## Your assignment
In the records below, reproduce exactly the lines from the one containing "Naše útulné dvoulůžkové" through the one containing "Красивая блуза-майка от", both included, and omit the pictures.

## Material supplied
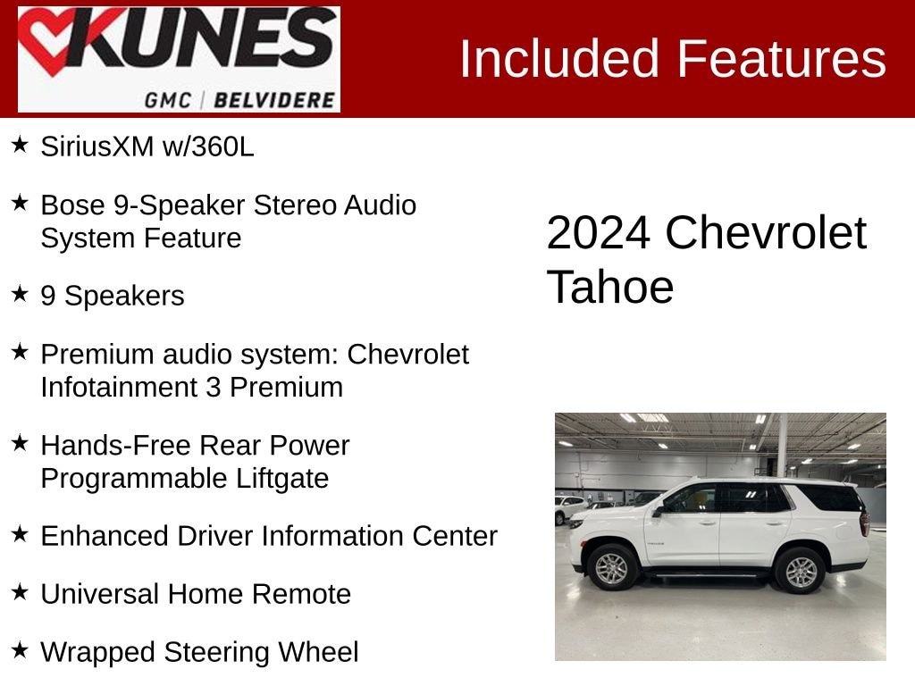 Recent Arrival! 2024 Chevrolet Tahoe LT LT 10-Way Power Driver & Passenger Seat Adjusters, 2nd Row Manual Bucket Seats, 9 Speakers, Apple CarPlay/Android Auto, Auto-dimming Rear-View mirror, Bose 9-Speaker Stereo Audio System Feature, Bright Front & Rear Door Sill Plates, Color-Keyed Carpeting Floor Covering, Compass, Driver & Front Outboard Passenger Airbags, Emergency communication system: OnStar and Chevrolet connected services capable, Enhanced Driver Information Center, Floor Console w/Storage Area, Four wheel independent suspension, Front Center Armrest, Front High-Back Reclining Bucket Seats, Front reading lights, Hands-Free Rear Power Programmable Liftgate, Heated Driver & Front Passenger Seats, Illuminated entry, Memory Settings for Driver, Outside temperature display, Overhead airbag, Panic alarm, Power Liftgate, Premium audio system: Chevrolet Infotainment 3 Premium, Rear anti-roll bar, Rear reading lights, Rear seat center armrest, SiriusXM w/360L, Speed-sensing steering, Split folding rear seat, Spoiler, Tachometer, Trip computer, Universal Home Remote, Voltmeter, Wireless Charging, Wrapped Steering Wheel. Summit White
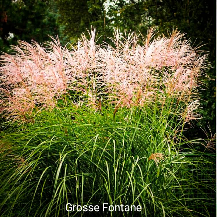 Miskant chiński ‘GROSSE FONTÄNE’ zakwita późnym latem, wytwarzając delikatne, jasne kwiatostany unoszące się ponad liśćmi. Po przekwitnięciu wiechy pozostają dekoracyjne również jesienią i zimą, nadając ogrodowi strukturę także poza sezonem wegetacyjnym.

* * *

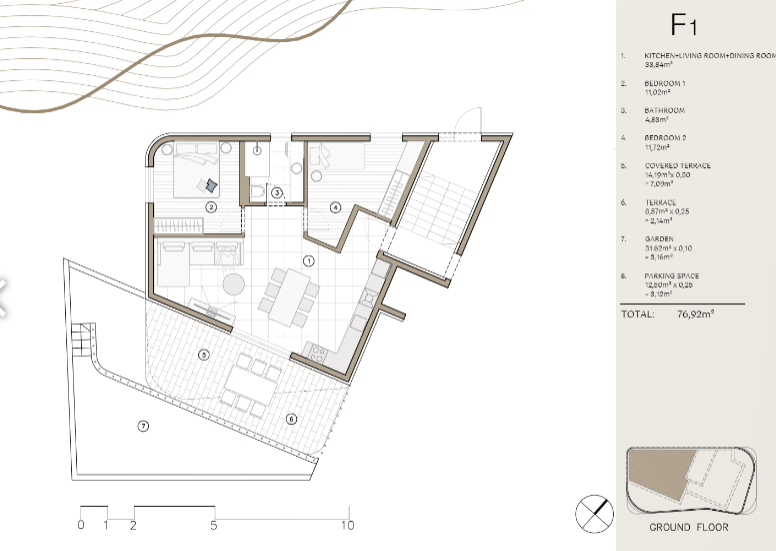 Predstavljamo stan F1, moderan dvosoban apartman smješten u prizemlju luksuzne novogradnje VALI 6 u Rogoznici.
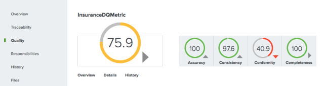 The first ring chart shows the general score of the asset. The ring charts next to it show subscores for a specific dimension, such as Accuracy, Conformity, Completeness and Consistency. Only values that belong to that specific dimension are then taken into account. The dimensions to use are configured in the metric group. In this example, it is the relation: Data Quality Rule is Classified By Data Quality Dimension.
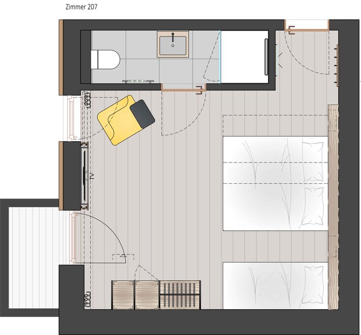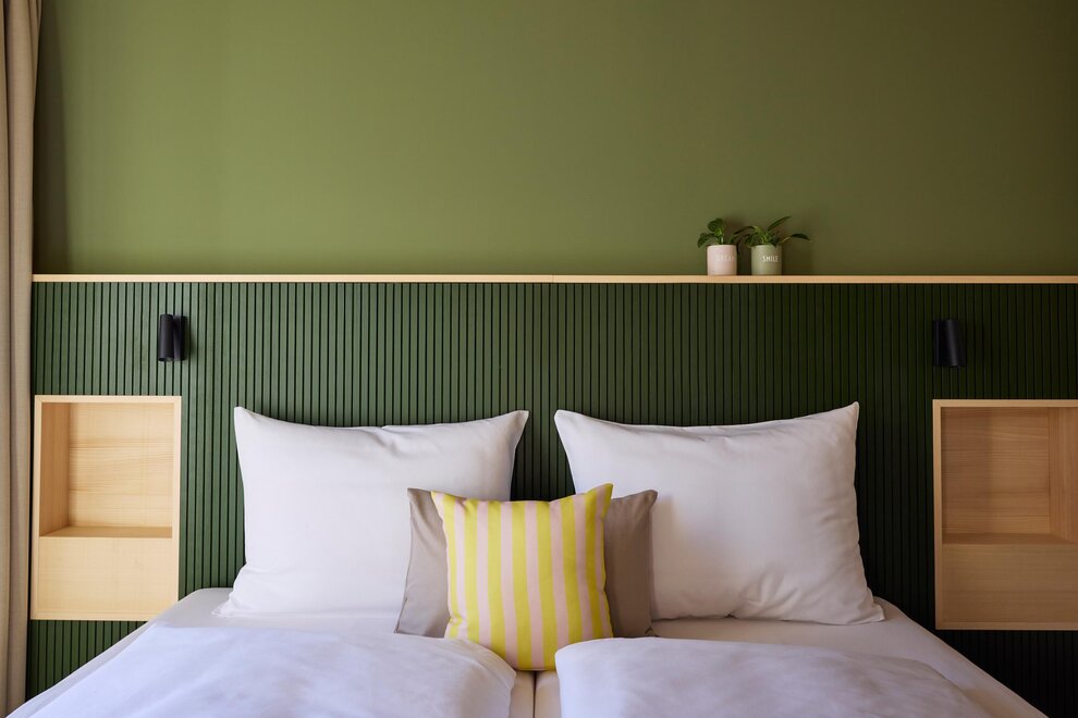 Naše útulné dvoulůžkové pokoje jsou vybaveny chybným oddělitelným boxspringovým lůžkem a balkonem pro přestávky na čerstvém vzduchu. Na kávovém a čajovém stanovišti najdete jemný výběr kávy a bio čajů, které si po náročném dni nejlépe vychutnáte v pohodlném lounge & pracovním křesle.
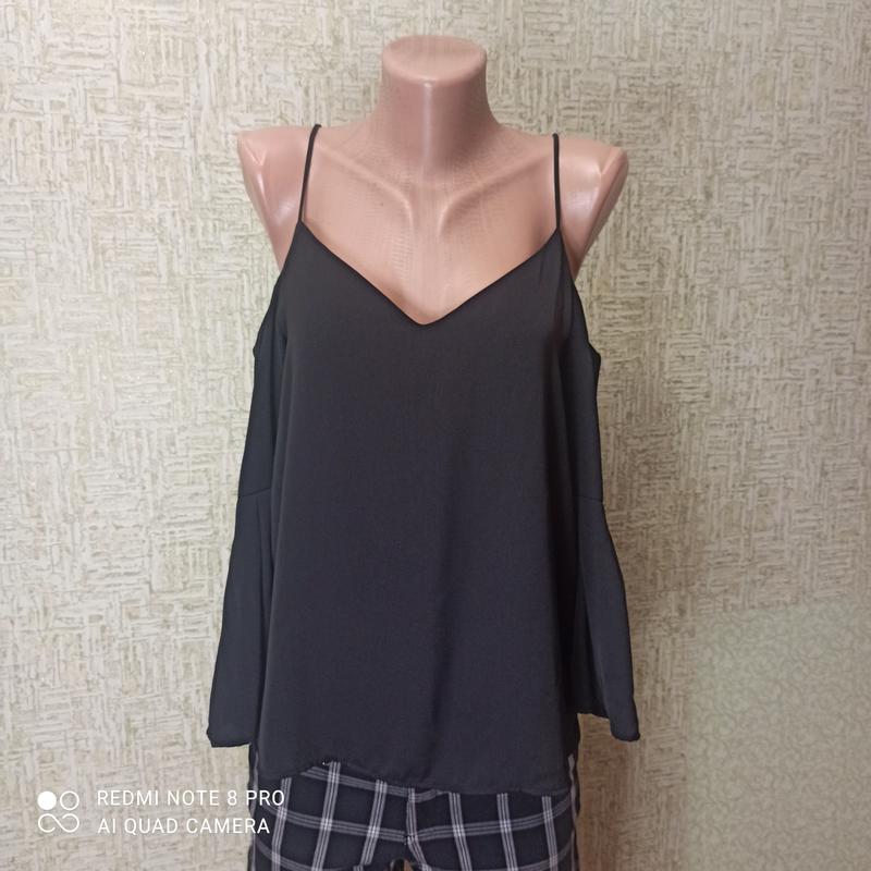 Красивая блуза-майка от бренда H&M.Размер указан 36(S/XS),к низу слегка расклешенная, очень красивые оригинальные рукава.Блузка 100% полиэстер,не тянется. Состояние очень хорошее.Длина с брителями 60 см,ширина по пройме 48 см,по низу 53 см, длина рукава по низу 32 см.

...

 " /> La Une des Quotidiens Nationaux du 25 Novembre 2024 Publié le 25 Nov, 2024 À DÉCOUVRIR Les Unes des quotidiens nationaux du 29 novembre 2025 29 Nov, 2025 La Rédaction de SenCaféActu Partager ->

## Answer space
 Naše útulné dvoulůžkové pokoje jsou vybaveny chybným oddělitelným boxspringovým lůžkem a balkonem pro přestávky na čerstvém vzduchu. Na kávovém a čajovém stanovišti najdete jemný výběr kávy a bio čajů, které si po náročném dni nejlépe vychutnáte v pohodlném lounge & pracovním křesle.
 Красивая блуза-майка от бренда H&M.Размер указан 36(S/XS),к низу слегка расклешенная, очень красивые оригинальные рукава.Блузка 100% полиэстер,не тянется. Состояние очень хорошее.Длина с брителями 60 см,ширина по пройме 48 см,по низу 53 см, длина рукава по низу 32 см.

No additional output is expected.